What to work on
Repeat the records in full and exactly, omitting pictures.

[[ Information given open ]]

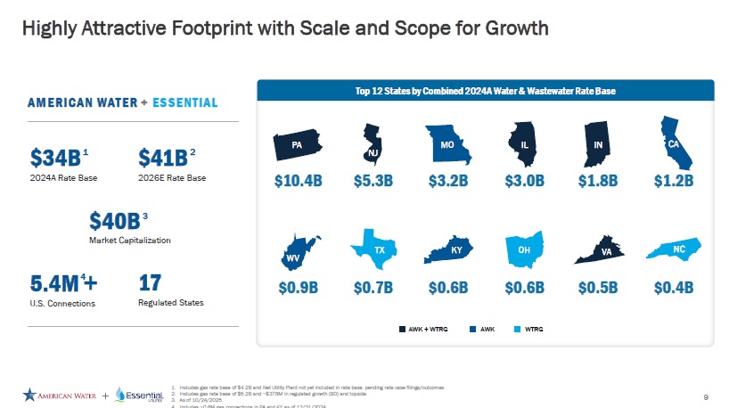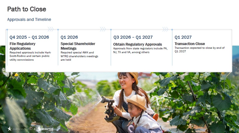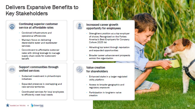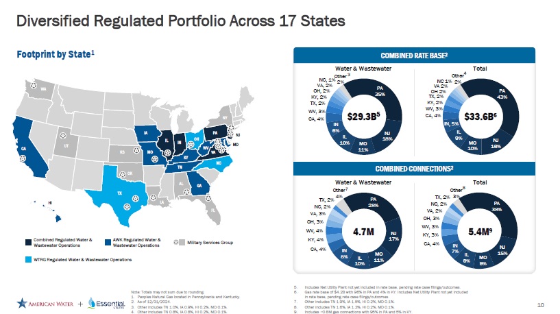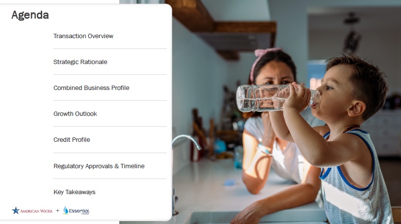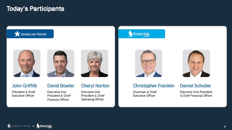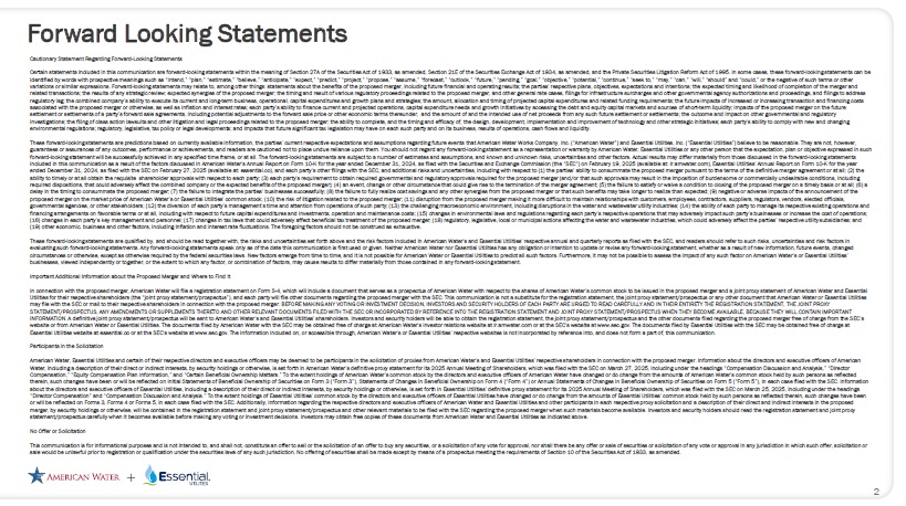 Forward Looking Statements Cautionary Statement Regarding Forward - Looking Statements Certain statements included in this communication are forward - looking statements within the meaning of Section 27A of the Securities Act of 1933, as amended, Section 21E of the Securities Exchange Act of 1934, as amended, and the Private Securities Litigation Reform Act of 1995. In some cases, these forward - looking statements can be identified by words with prospective meanings such as “intend,” “plan,” “estimate,” “believe,” “anticipate,” “expect,” “predict,” “project,” “propose,” “assume,” “forecast,” “outlook,” “future,” “pending,” “goal,” “objective,” “potential,” “continue,” “seek to,” “may,” “can,” “will,” “should” and “could,” or the negative of such terms or other variations or similar expressions. Forward - looking statements may relate to, among other things: statements about the benefits of the proposed merger, including future financial and operating results; the parties’ respective plans, objectives, expectations and intentions; the expected timing and likelihood of completion of the merger and related transactions; the results of any strategic review; expected synergies of the proposed merger; the timing and result of various regulatory proceedings related to the proposed merger, and other general rate cases, filings for infrastructure surcharges and other governmental agency authorizations and proceedings, and filings to address regulatory lag; the combined company’s ability to execute its current and long - term business, operational, capital expenditures and growth plans and strategies; the amount, allocation and timing of projected capital expenditures and related funding requirements; the future impacts of increased or increasing transaction and financing costs associated with the proposed merger or otherwise, as well as inflation and interest rates; each party’s ability to finance current and projected operations, capital expenditure needs and growth initiatives by accessing the debt and equity capital markets and sources of short - term liquidity; impacts of the proposed merger on the future settlement or settlements of a party’s forward sale agreements, including potential adjustments to the forward sale price or other economic terms thereunder, and the amount of and the intended use of net proceeds from any such future settlement or settlements; the outcome and impact on other governmental and regulatory investigations; the filing of class action lawsuits and other litigation and legal proceedings related to the proposed merger; the ability to complete, and the timing and efficacy of, the design, development, implementation and improvement of technology and other strategic initiatives; each party’s ability to comply with new and changing environmental regulations; regulatory, legislative, tax policy or legal developments; and impacts that future significant tax legislation may have on each such party and on its business, results of operations, cash flows and liquidity. These forward - looking statements are predictions based on currently available information, the parties’ current respective expectations and assumptions regarding future events that American Water Works Company, Inc. (“American Water”) and Essential Utilities, Inc. (“Essential Utilities”) believe to be reasonable. They are not, however, guarantees or assurances of any outcomes, performance or achievements, and readers are cautioned not to place undue reliance upon them. You should not regard any forward - looking statement as a representation or warranty by American Water, Essential Utilities or any other person that the expectation, plan or objective expressed in such forward - looking statement will be successfully achieved in any specified time frame, or at all. The forward - looking statements are subject to a number of estimates and assumptions, and known and unknown risks, uncertainties and other factors. Actual results may differ materially from those discussed in the forward - looking statements included in this communication as a result of the factors discussed in American Water’s Annual Report on Form 10 - K for the year ended December 31, 2024, as filed with the Securities and Exchange Commission (the “SEC”) on February 19, 2025 (available at: ir.amwater.com), Essential Utilities’ Annual Report on Form 10 - K for the year ended December 31, 2024, as filed with the SEC on February 27, 2025 (available at: essential.co), and each party’s other filings with the SEC, and additional risks and uncertainties, including with respect to (1) the parties’ ability to consummate the proposed merger pursuant to the terms of the definitive merger agreement or at all; (2) the ability to timely or at all obtain the requisite shareholder approvals with respect to each party; (3) each party’s requirement to obtain required governmental and regulatory approvals required for the proposed merger (and/or that such approvals may result in the imposition of burdensome or commercially undesirable conditions, including required dispositions, that could adversely affect the combined company or the expected benefits of the proposed merger); (4) an event, change or other circumstance that could give rise to the termination of the merger agreement; (5) the failure to satisfy or waive a condition to closing of the proposed merger on a timely basis or at all; (6) a delay in the timing to consummate the proposed merger; (7) the failure to integrate the parties’ businesses successfully; (8) the failure to fully realize cost savings and any other synergies from the proposed merger or that such benefits may take longer to realize than expected; (9) negative or adverse impacts of the announcement of the proposed merger on the market price of American Water’s or Essential Utilities’ common stock; (10) the
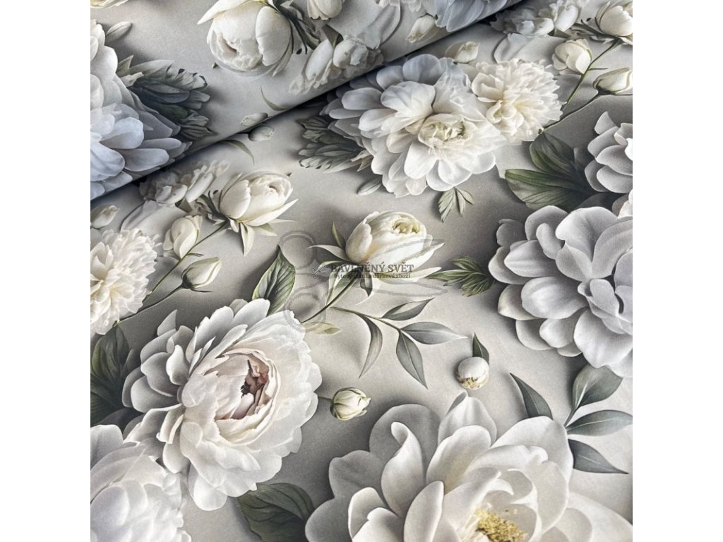 Pozvedněte své tvoření na novou úroveň s naším luxusním bavlněným plátnem velkých rozkvětlých květů bíllých pivoněk s revolučním 5D digitálním tiskem. Tato nejmodernější technologie umožňuje přenést motiv s neuvěřitelnou hloubkou a ostrostí. Na rozdíl od běžných tisků je tento proces náročnější a výsledkem je látka s vysokou estetickou hodnotou, která se stane dominantou každého interiéru.
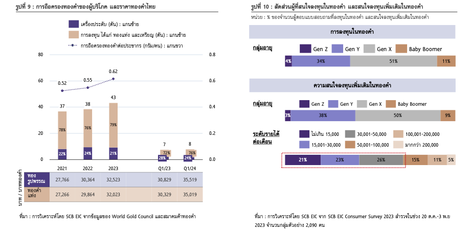 ทั้งนี้ ผลสำรวจ SCB EIC Consumer survey 2023 พบว่า กลุ่มที่มีการลงทุนในทองคำมากที่สุด คือ กลุ่ม Gen X คิดเป็นสัดส่วน 51% รองลงมาเป็นกลุ่ม Gen Y คิดเป็นสัดส่วน 34% อีกทั้งกลุ่ม Gen X และ Y ยังมีสัดส่วนผู้ที่สนใจลงทุนเพิ่มเติมในทองคำสูงกว่า Gen อื่น ๆ อีกด้วย สะท้อนฐานนักลงทุนกลุ่ม Gen X และ Y ที่ยังเป็นกลุ่มหลักที่ลงทุนในทองคำอย่างต่อเนื่อง อีกทั้งเมื่อพิจารณากลุ่มที่สนใจลงทุนเพิ่มเติมในทองคำ จำแนกตามระดับรายได้ จะพบว่า กลุ่มที่มีรายได้ระดับ 50,000 บาท/เดือนลงมา สนใจลงทุนเพิ่มเติมในทองคำ เป็นโอกาสให้ผู้ค้าทองอาจขยายฐานนักลงทุนกลุ่มดังกล่าว ด้วยการมุ่งเน้นการนำเสนอบริการลงทุนในทองคำที่ตอบโจทย์กลุ่มที่มีรายได้ระดับปานกลางลงมา อย่างการเปิดบัญชีจำหน่ายทองคำในหน่วยย่อย เพื่อให้ผู้ลงทุนที่มีรายได้ระดับปานกลางลงมาสามารถทยอยลงทุนได้อย่างเหมาะสมตามระดับเงินออม และสะสมรับเป็นทองคำได้เมื่อถึงน้ำหนักที่กำหนด
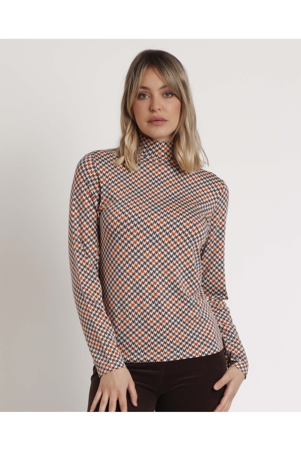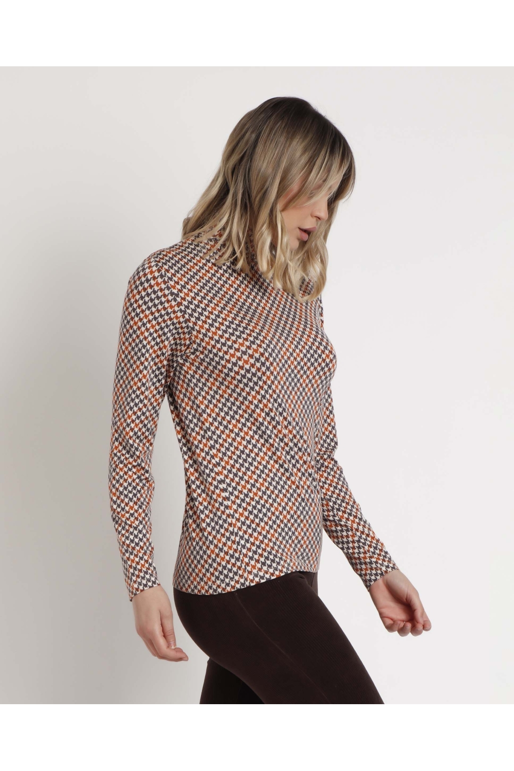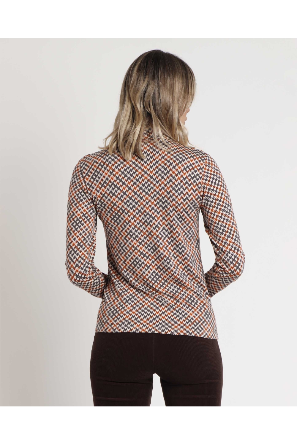 * Camiseta de punto estampado, de manga larga y cuello alto, en color camel.
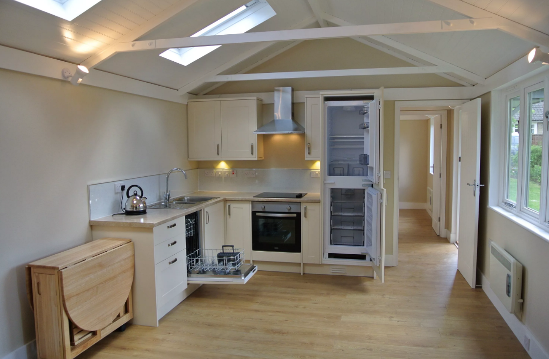 Если дом небольшой, важно экономно использовать имеющееся пространство. Поэтому комнату над гаражом можно оборудовать в кухню.
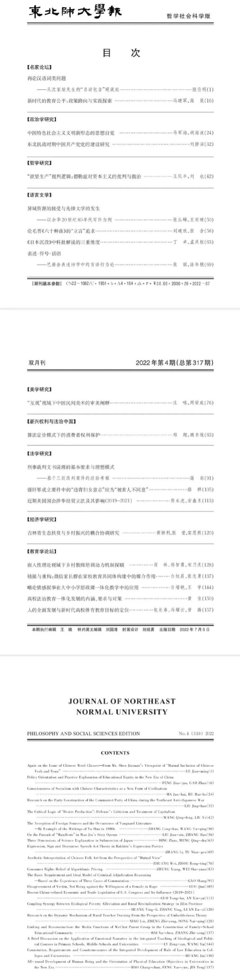 《东北师大学报》2022年第4期目录及摘要
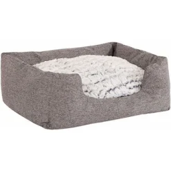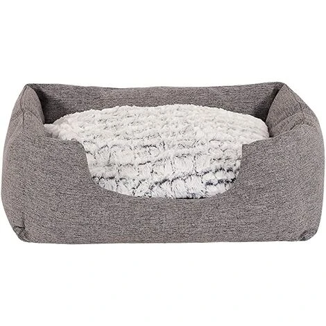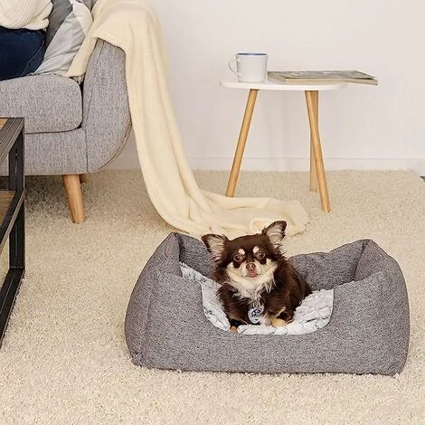 Canapé confortable pour chien en tissu chinée et avec un coussin de chien pratique et réversible. Le coussin réversible est composé de 2 tissus différents, vous pouvez donc choisir entre 2 designs différents à tout moment.
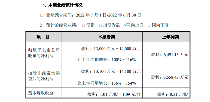 7月5日,宸展光电(SZ.003019)发布半年报业绩预告,公司预计2022年上半年业绩大幅提升,归属上市公司股东的净利润为13,000万元—14,000万元,净利润相比去年同期的6,491.13万元增长100%— 116%,预计基本每股收益为1.01元—1.09元。
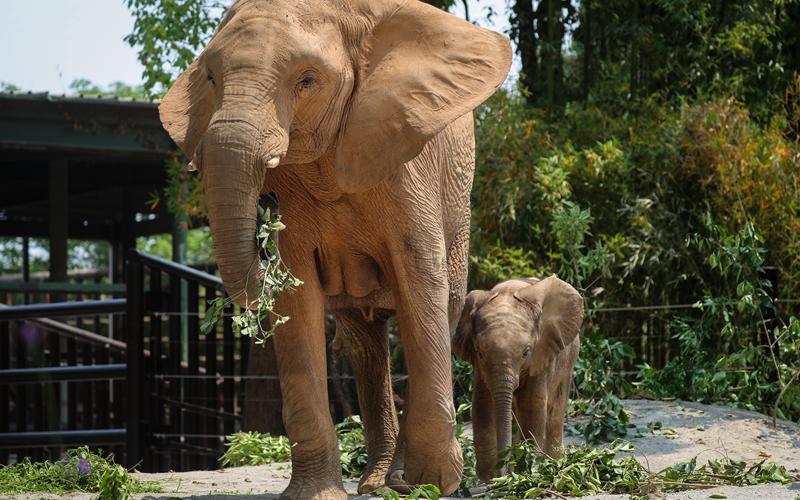 端午假期期间,上海野生动物园华东地区诞生的首胎非洲象宝宝正式和游客见面。上野供图
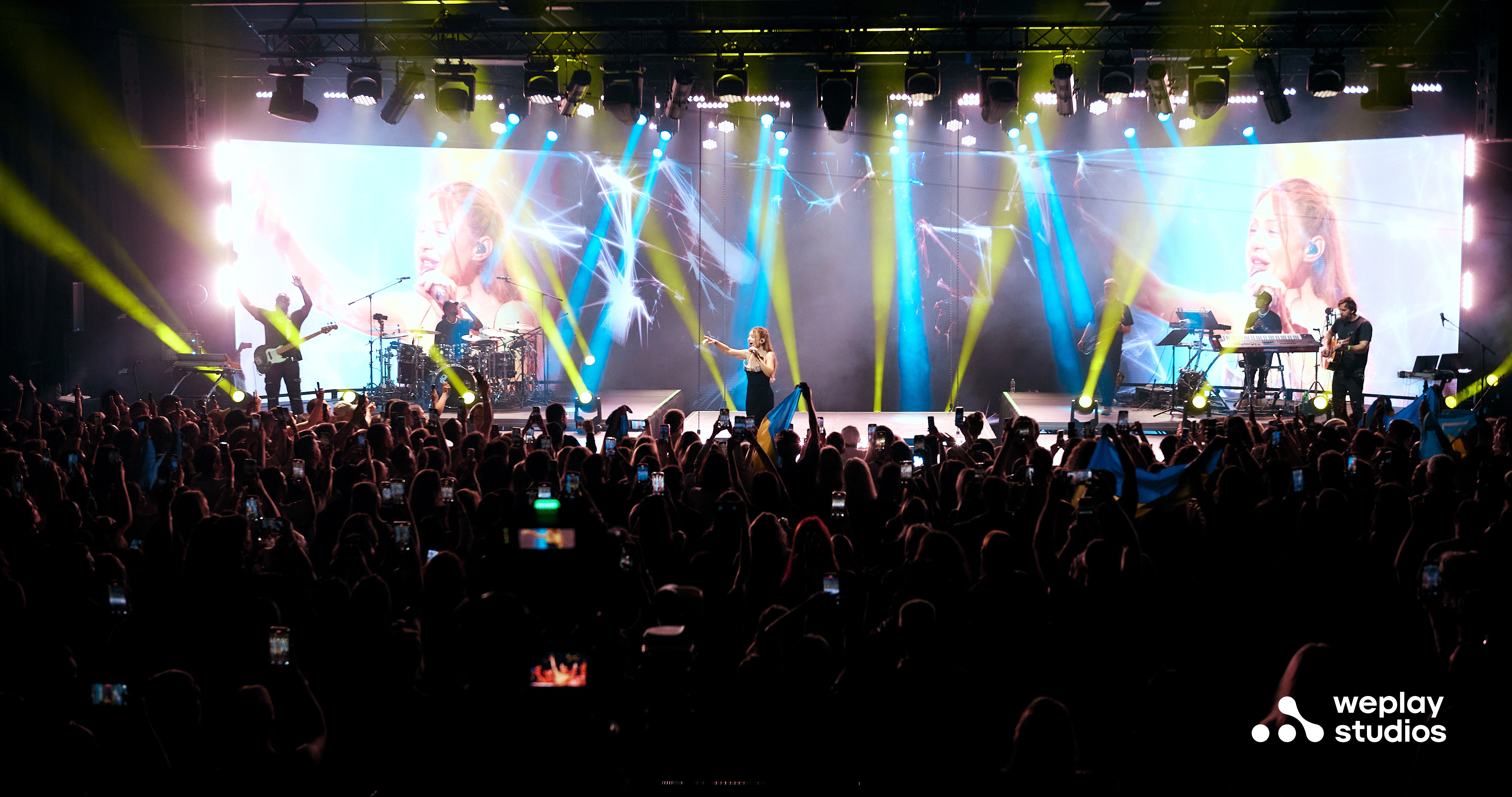 Під час концерту використали освітлення синьо-жовтими кольорами.
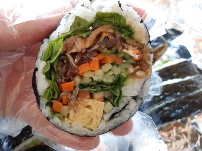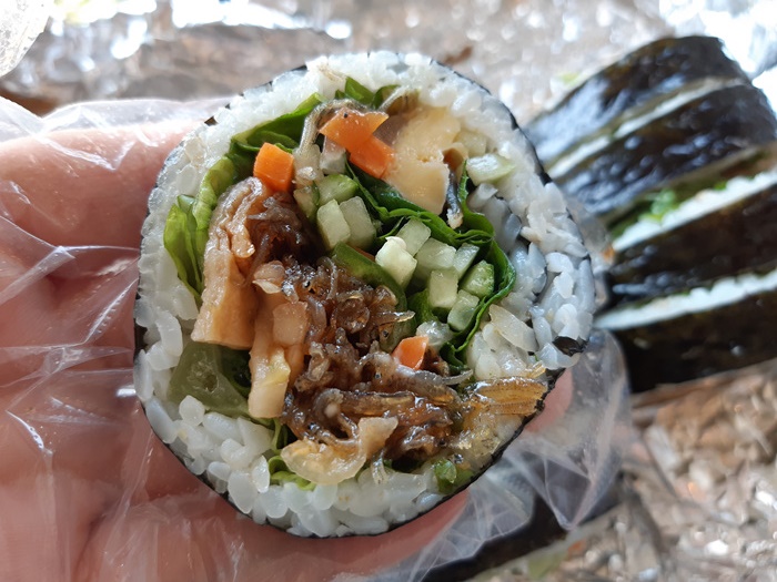 하여간 김밥속 내용물이 정말 푸짐합니다. 그래서 사람들이 매운멸치김밥을 외쳤군요~

[[ Information given closed ]]

Your solution
 Forward Looking Statements Cautionary Statement Regarding Forward - Looking Statements Certain statements included in this communication are forward - looking statements within the meaning of Section 27A of the Securities Act of 1933, as amended, Section 21E of the Securities Exchange Act of 1934, as amended, and the Private Securities Litigation Reform Act of 1995. In some cases, these forward - looking statements can be identified by words with prospective meanings such as “intend,” “plan,” “estimate,” “believe,” “anticipate,” “expect,” “predict,” “project,” “propose,” “assume,” “forecast,” “outlook,” “future,” “pending,” “goal,” “objective,” “potential,” “continue,” “seek to,” “may,” “can,” “will,” “should” and “could,” or the negative of such terms or other variations or similar expressions. Forward - looking statements may relate to, among other things: statements about the benefits of the proposed merger, including future financial and operating results; the parties’ respective plans, objectives, expectations and intentions; the expected timing and likelihood of completion of the merger and related transactions; the results of any strategic review; expected synergies of the proposed merger; the timing and result of various regulatory proceedings related to the proposed merger, and other general rate cases, filings for infrastructure surcharges and other governmental agency authorizations and proceedings, and filings to address regulatory lag; the combined company’s ability to execute its current and long - term business, operational, capital expenditures and growth plans and strategies; the amount, allocation and timing of projected capital expenditures and related funding requirements; the future impacts of increased or increasing transaction and financing costs associated with the proposed merger or otherwise, as well as inflation and interest rates; each party’s ability to finance current and projected operations, capital expenditure needs and growth initiatives by accessing the debt and equity capital markets and sources of short - term liquidity; impacts of the proposed merger on the future settlement or settlements of a party’s forward sale agreements, including potential adjustments to the forward sale price or other economic terms thereunder, and the amount of and the intended use of net proceeds from any such future settlement or settlements; the outcome and impact on other governmental and regulatory investigations; the filing of class action lawsuits and other litigation and legal proceedings related to the proposed merger; the ability to complete, and the timing and efficacy of, the design, development, implementation and improvement of technology and other strategic initiatives; each party’s ability to comply with new and changing environmental regulations; regulatory, legislative, tax policy or legal developments; and impacts that future significant tax legislation may have on each such party and on its business, results of operations, cash flows and liquidity. These forward - looking statements are predictions based on currently available information, the parties’ current respective expectations and assumptions regarding future events that American Water Works Company, Inc. (“American Water”) and Essential Utilities, Inc. (“Essential Utilities”) believe to be reasonable. They are not, however, guarantees or assurances of any outcomes, performance or achievements, and readers are cautioned not to place undue reliance upon them. You should not regard any forward - looking statement as a representation or warranty by American Water, Essential Utilities or any other person that the expectation, plan or objective expressed in such forward - looking statement will be successfully achieved in any specified time frame, or at all. The forward - looking statements are subject to a number of estimates and assumptions, and known and unknown risks, uncertainties and other factors. Actual results may differ materially from those discussed in the forward - looking statements included in this communication as a result of the factors discussed in American Water’s Annual Report on Form 10 - K for the year ended December 31, 2024, as filed with the Securities and Exchange Commission (the “SEC”) on February 19, 2025 (available at: ir.amwater.com), Essential Utilities’ Annual Report on Form 10 - K for the year ended December 31, 2024, as filed with the SEC on February 27, 2025 (available at: essential.co), and each party’s other filings with the SEC, and additional risks and uncertainties, including with respect to (1) the parties’ ability to consummate the proposed merger pursuant to the terms of the definitive merger agreement or at all; (2) the ability to timely or at all obtain the requisite shareholder approvals with respect to each party; (3) each party’s requirement to obtain required governmental and regulatory approvals required for the proposed merger (and/or that such approvals may result in the imposition of burdensome or commercially undesirable conditions, including required dispositions, that could adversely affect the combined company or the expected benefits of the proposed merger); (4) an event, change or other circumstance that could give rise to the termination of the merger agreement; (5) the failure to satisfy or waive a condition to closing of the proposed merger on a timely basis or at all; (6) a delay in the timing to consummate the proposed merger; (7) the failure to integrate the parties’ businesses successfully; (8) the failure to fully realize cost savings and any other synergies from the proposed merger or that such benefits may take longer to realize than expected; (9) negative or adverse impacts of the announcement of the proposed merger on the market price of American Water’s or Essential Utilities’ common stock; (10) the
 Pozvedněte své tvoření na novou úroveň s naším luxusním bavlněným plátnem velkých rozkvětlých květů bíllých pivoněk s revolučním 5D digitálním tiskem. Tato nejmodernější technologie umožňuje přenést motiv s neuvěřitelnou hloubkou a ostrostí. Na rozdíl od běžných tisků je tento proces náročnější a výsledkem je látka s vysokou estetickou hodnotou, která se stane dominantou každého interiéru.
 ทั้งนี้ ผลสำรวจ SCB EIC Consumer survey 2023 พบว่า กลุ่มที่มีการลงทุนในทองคำมากที่สุด คือ กลุ่ม Gen X คิดเป็นสัดส่วน 51% รองลงมาเป็นกลุ่ม Gen Y คิดเป็นสัดส่วน 34% อีกทั้งกลุ่ม Gen X และ Y ยังมีสัดส่วนผู้ที่สนใจลงทุนเพิ่มเติมในทองคำสูงกว่า Gen อื่น ๆ อีกด้วย สะท้อนฐานนักลงทุนกลุ่ม Gen X และ Y ที่ยังเป็นกลุ่มหลักที่ลงทุนในทองคำอย่างต่อเนื่อง อีกทั้งเมื่อพิจารณากลุ่มที่สนใจลงทุนเพิ่มเติมในทองคำ จำแนกตามระดับรายได้ จะพบว่า กลุ่มที่มีรายได้ระดับ 50,000 บาท/เดือนลงมา สนใจลงทุนเพิ่มเติมในทองคำ เป็นโอกาสให้ผู้ค้าทองอาจขยายฐานนักลงทุนกลุ่มดังกล่าว ด้วยการมุ่งเน้นการนำเสนอบริการลงทุนในทองคำที่ตอบโจทย์กลุ่มที่มีรายได้ระดับปานกลางลงมา อย่างการเปิดบัญชีจำหน่ายทองคำในหน่วยย่อย เพื่อให้ผู้ลงทุนที่มีรายได้ระดับปานกลางลงมาสามารถทยอยลงทุนได้อย่างเหมาะสมตามระดับเงินออม และสะสมรับเป็นทองคำได้เมื่อถึงน้ำหนักที่กำหนด
 * Camiseta de punto estampado, de manga larga y cuello alto, en color camel.
 Если дом небольшой, важно экономно использовать имеющееся пространство. Поэтому комнату над гаражом можно оборудовать в кухню.
 《东北师大学报》2022年第4期目录及摘要
 Canapé confortable pour chien en tissu chinée et avec un coussin de chien pratique et réversible. Le coussin réversible est composé de 2 tissus différents, vous pouvez donc choisir entre 2 designs différents à tout moment.
 7月5日,宸展光电(SZ.003019)发布半年报业绩预告,公司预计2022年上半年业绩大幅提升,归属上市公司股东的净利润为13,000万元—14,000万元,净利润相比去年同期的6,491.13万元增长100%— 116%,预计基本每股收益为1.01元—1.09元。
 端午假期期间,上海野生动物园华东地区诞生的首胎非洲象宝宝正式和游客见面。上野供图
 Під час концерту використали освітлення синьо-жовтими кольорами.
 하여간 김밥속 내용물이 정말 푸짐합니다. 그래서 사람들이 매운멸치김밥을 외쳤군요~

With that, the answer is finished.